Entertainment

Melissa McCarthy Is An Eco-Warrior In This Kia Ad

by Jefferson Grubbs
Kia Motors America/YouTube

There's a time and a place for playing against type and subverting your audience's expectations of you — and there's a time for playing to your well-known strengths. Unsurprisingly, Melissa McCarthy's Kia Super Bowl commercial is the latter type of entertainment. Given the high-profile nature of the year's biggest sporting event, the car company has teamed up with the Oscar-nominated Bridesmaids actress to craft a hilarious commercial that blends a timely environmental message with McCarthy's prodigious physical comedy strengths.

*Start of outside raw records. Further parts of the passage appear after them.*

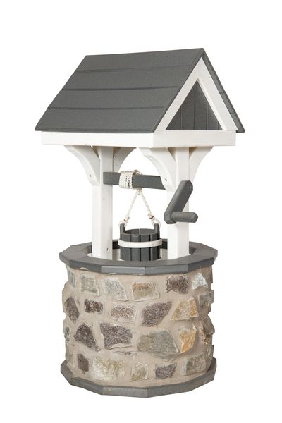 Amish Medium Stone Wishing Well and Poly Roof
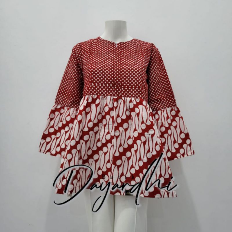 Dayardhi Batik Kerja Wanita Merah Putih Blus Batik Kerja Kekinian
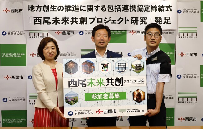 愛知県西尾市(市長:中村健)、安藤株式会社(本社:愛知県名古屋市 社長:安藤仁志)、学校法人先端教育機構 事業構想大学院大学(本部:東京都港区 学長:田中里沙)の三者は、西尾市域の発展に寄与する「地方創生の推進に関する包括連携協定」を2023年7月31日付で締結し、「西尾未来共創プロジェクト研究」の発足を発表しました。
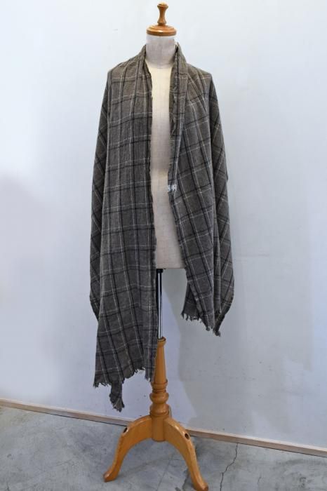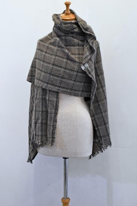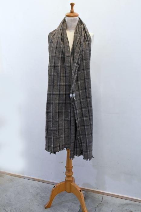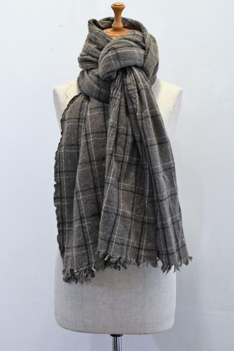 100%ピュアカシミヤ糸を使用したチェックの大判ストール。
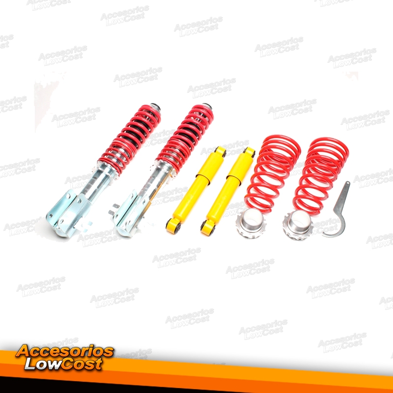 Nuevo modelo de doble muelle, regulables en altura (hasta -70 mm) y en dureza, variable según altura; cuanto más rebajadas, más duras, tanto en eje delantero como en eje trasero.Proporcionan un mayor agarre y un mejor paso por curva. Mejora tu experiencia de conducción con estos amortiguadores deportivos regulables, a la vez que cambias la imagen del coche.

The one-minute ad portrays McCarthy in her pursuits as an eco-warrior, being summoned upon to help save the whales, the trees, the ice caps, and the rhinoceroses. Of course, things don't go too well for her. True to the bumbling nature of her characters in films like Spy and Bridesmaids, she proceeds to make a huge mess of things, getting body-slammed by a humpback, falling out of her tree, breaking off a piece of a glacier, and getting gored by a rhino. Fortunately, there's still one way she can help protect the environment: by driving her eco-friendly Kia Niro, which the ad proclaims as "the most fuel-efficient crossover."

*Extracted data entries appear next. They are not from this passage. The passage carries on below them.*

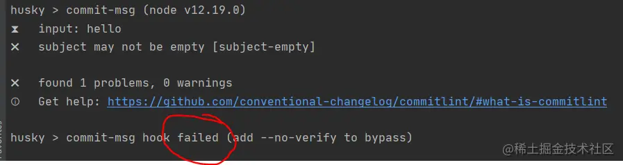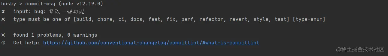 然后触发了commit-msg中配置的commitlint的检查,这里的bug并没有加到type中,所以报错
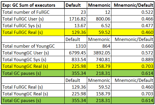 - Reduce GC Overheads as the following chart shown (collected from Apache Spark experiments)
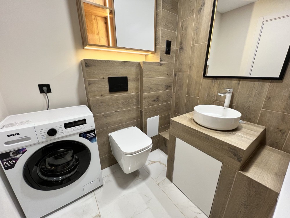 Вана повністю укомплектована, є пральна машинка.
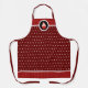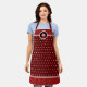 © 2020 Socialite Designs Inc. Whimsical Schürze mit einem roten und weißen Polka-Dot Hintergrund, Kreismuster auf dem oberen und unteren Rand und einem Erdbeerkuchen in einem Kreis.

"It's hard to be an eco-warrior," the commercial sums up in its thesis statement, "but it's easy to drive like one." This message comes at crucial time, as the environment and the havoc wrought by climate change have been one of the issues at the forefront of our country's recent political conversation. McCarthy's efforts to save the planet come at the same time that President Donald Trump is seeking to "abolish" the Environmental Protection Agency, according to transition team member Myron Ebell in an interview with The Guardian. His nominee to head that very same organization, Scott Pruitt, "has led or taken part in 14 lawsuits aimed at blocking EPA regulations" in his former job as the Oklahoma attorney general, according to a recent report by The New York Times.

This timely — and pointed — message puts Kia in the company of other Super Bowl commercials unafraid to make a political statement, including Budweiser's immigration-themed ad and Audi's championing of equal pay for women. While Super Bowl commercials in the past have largely been focused on sheer entertainment value alone, it's gratifying to see so many companies take the opportunity of this high-profile event to take a stand.

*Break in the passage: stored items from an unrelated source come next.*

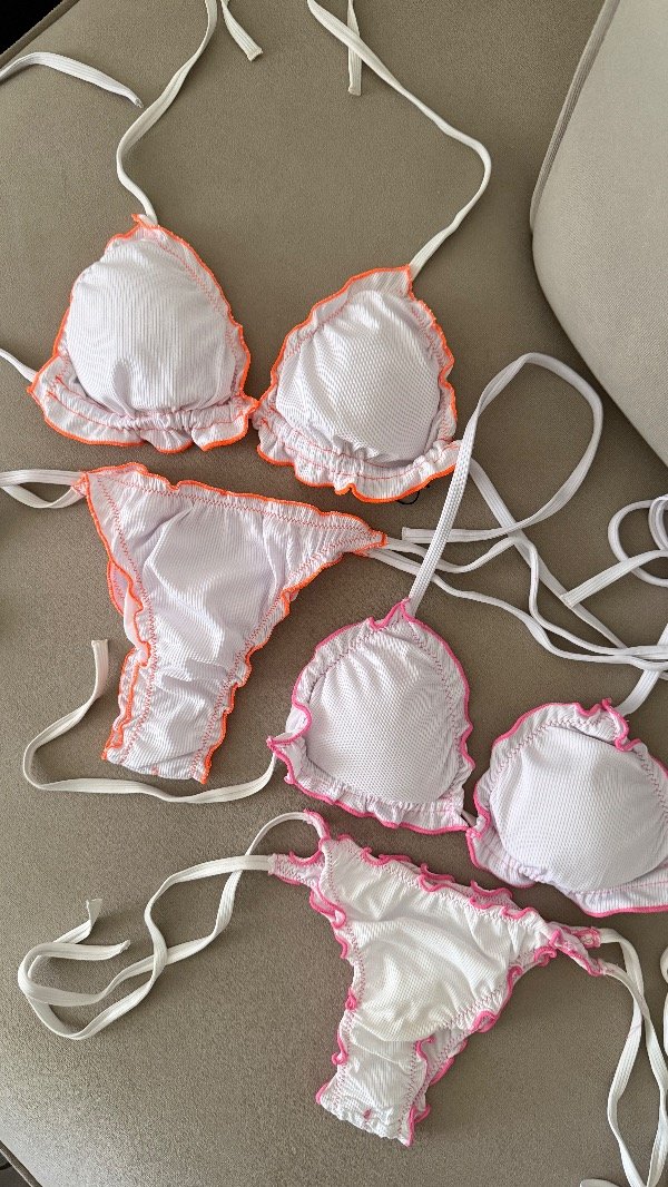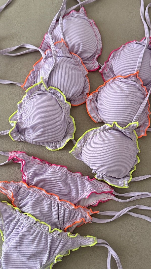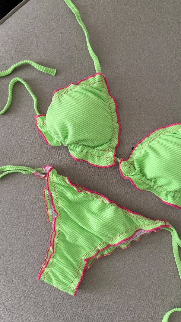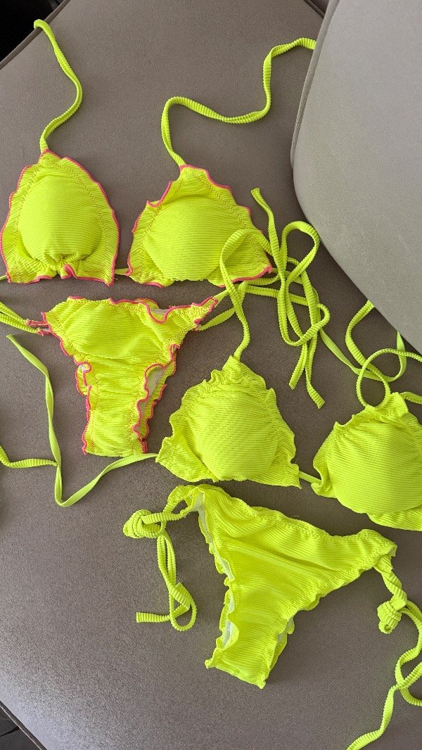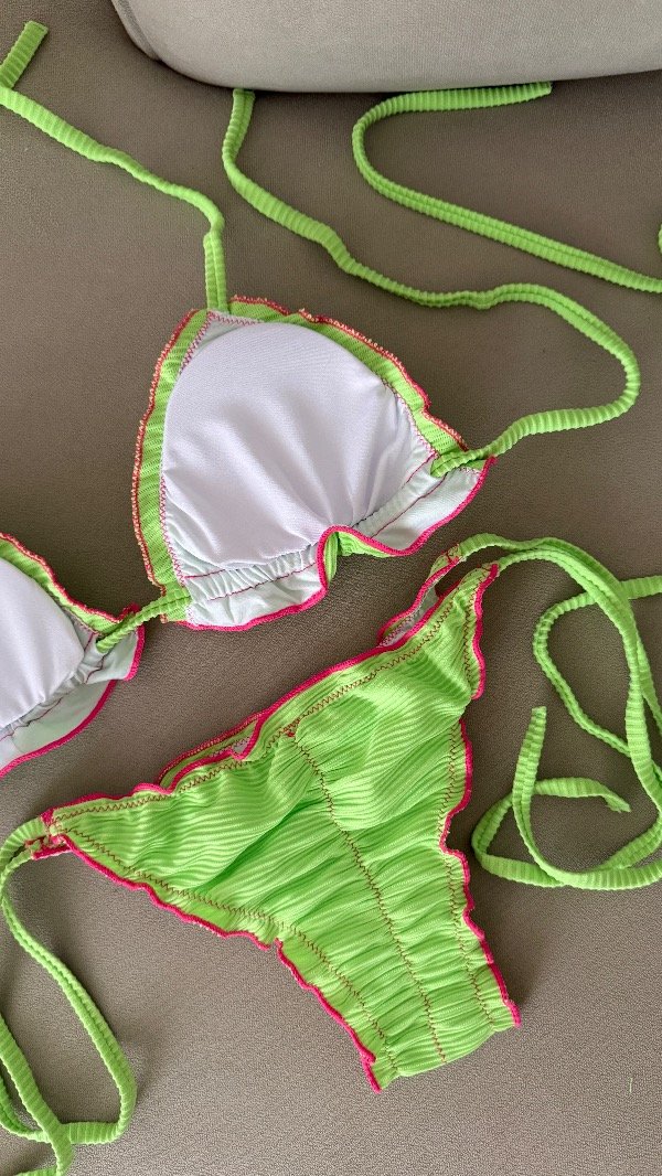 Bikini importada premium. Triangulito movible, tazas desmontables, tiras para atar en cuello y espalda. Bombi semiless con tiras para atar
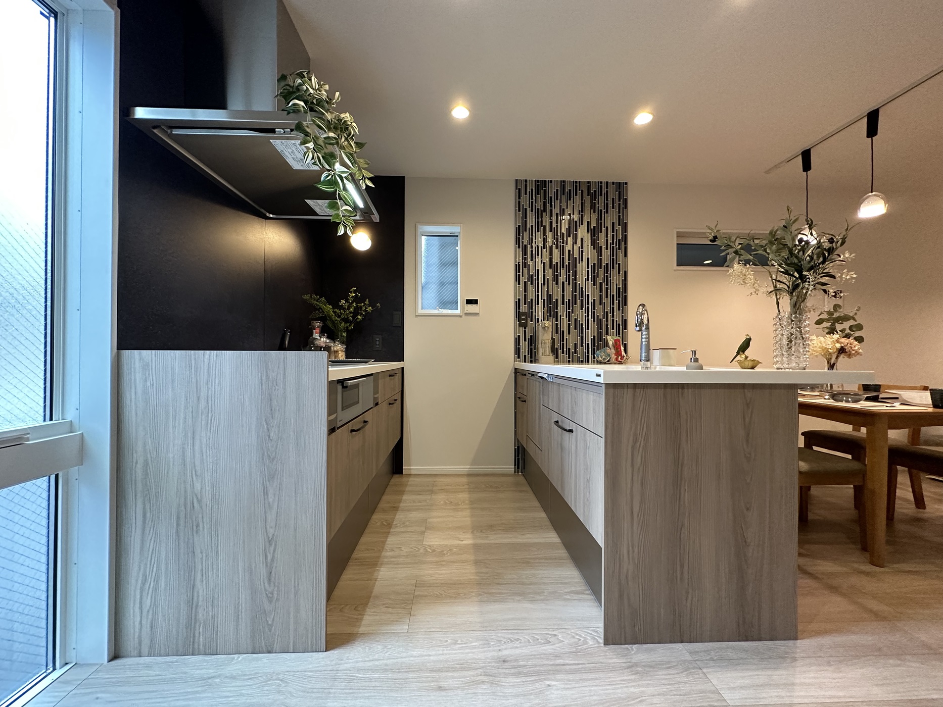 家事をしながらLDK全体が見渡せ、光と風を取り込める窓辺のキッチンは作業効率に優れたⅡ型を採用。
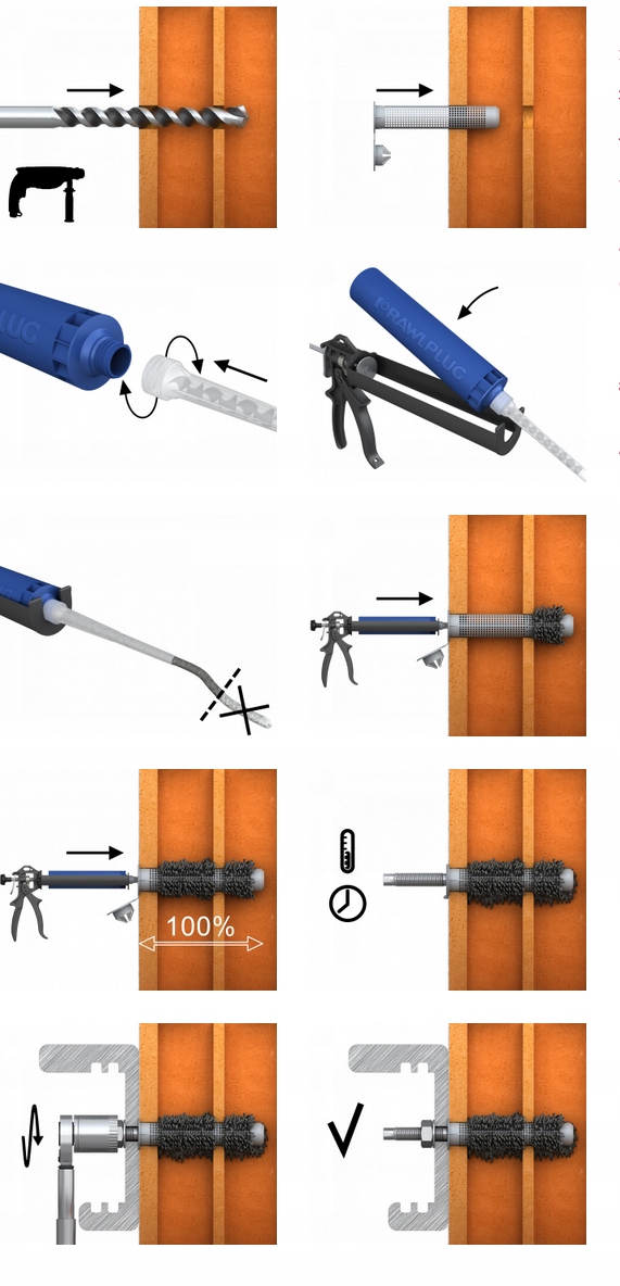 7. Одразу після дозування смоли помістіть стрижень в отвір обертальними рухами. Видаліть непотрібну кількість смоли, яка витекла з отвору, і зачекайте відповідний час, щоб смола схопилася.
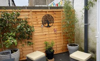 The front garden is enclosed and has seats and benches for sitting at the garden is situated in front of the house

Of course, as welcome as the message of Kia's commercial is, viewers shouldn't take it as an excuse to become complacent. Just driving a fuel-efficient car isn't enough; you can drive a Kia and also try to help save the whales or the trees or whatever else needs protecting. But McCarthy's environmental exploits are a decided step forward from the politics-free Pierce Brosnan spoof the car company aired this time last year. So bravo to Kia… and bravo to all the world's eco-warriors who have dedicated their lives to protecting this planet we all call home.